DOE Human Genome Program Contractor-Grantee Workshop VIII
February 27-March 2, 2000  Santa Fe, NM

31. New Optical Methods for Sequencing Individual Molecules of DNA

Jonas Korlach, Michael Levene, Stephen W. Turner, Mathieu Foquet, Harold G. Craighead, and Watt W. Webb

Applied & Engineering Physics, Clark Hall, Cornell University, Ithaca, NY 14853

jk109@cornell.edu

A new method for determining the base pair sequence of a single molecule of DNA by following the dynamical stepwise activity of DNA polymerase synthesizing the complementary strand of a given template strand is under development. The technical challenges consist in the development of suitable enzymatic systems and in the recognition of individual sequential base additions. Replacing spatial resolution of bases in the DNA by temporal resolution of sequential nucleotide additions is made possible by using near-field and multiphoton laser optics for chromophore processing, and time-resolved photon counting for detection. Confinement of the excitation volume far below the diffraction limit by nanostructured devices permits an increase of substrate concentrations by about three orders of magnitude above the nanomolar range (required for the enzymatic systems under study), but still allowing sequential single molecule recordings and analysis.

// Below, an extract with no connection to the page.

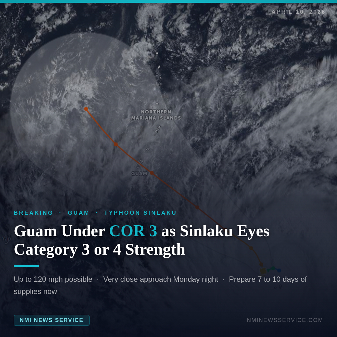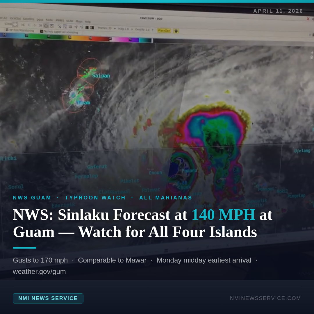 NWS: Typhoon Sinlaku Forecast at 140 MPH at Guam Landfall; Watch Covers All Four Marianas Islands
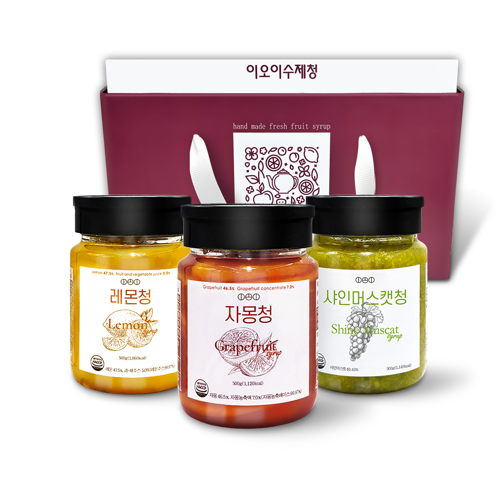 • [선물세트] 짱죽 이오이수제청 자몽+샤인머스캣+청귤 500g / 답례품

The approach should enable the creation of a very fast sequencing protocol with long read lengths, and potentially highly parallel, integrated systems with large throughput. Each development step towards the sequencing goal appears fertile for the generation and improvement of analytic research systems capable of following biochemical and molecular biological processes (e.g., enzymatic activities) at the single molecule level. The optical tools will enable a characterization of these processes previously unattainable by conventional biochemical analysis. Specifically in respect to the sequencing proposal, this amounts to new knowledge of the photophysical and dynamical behavior of single DNA molecules, the generation and use of new fluorescent labels that can be incorporated into DNA in high densities, and the study of enzymes acting on DNA at the level of individual bases.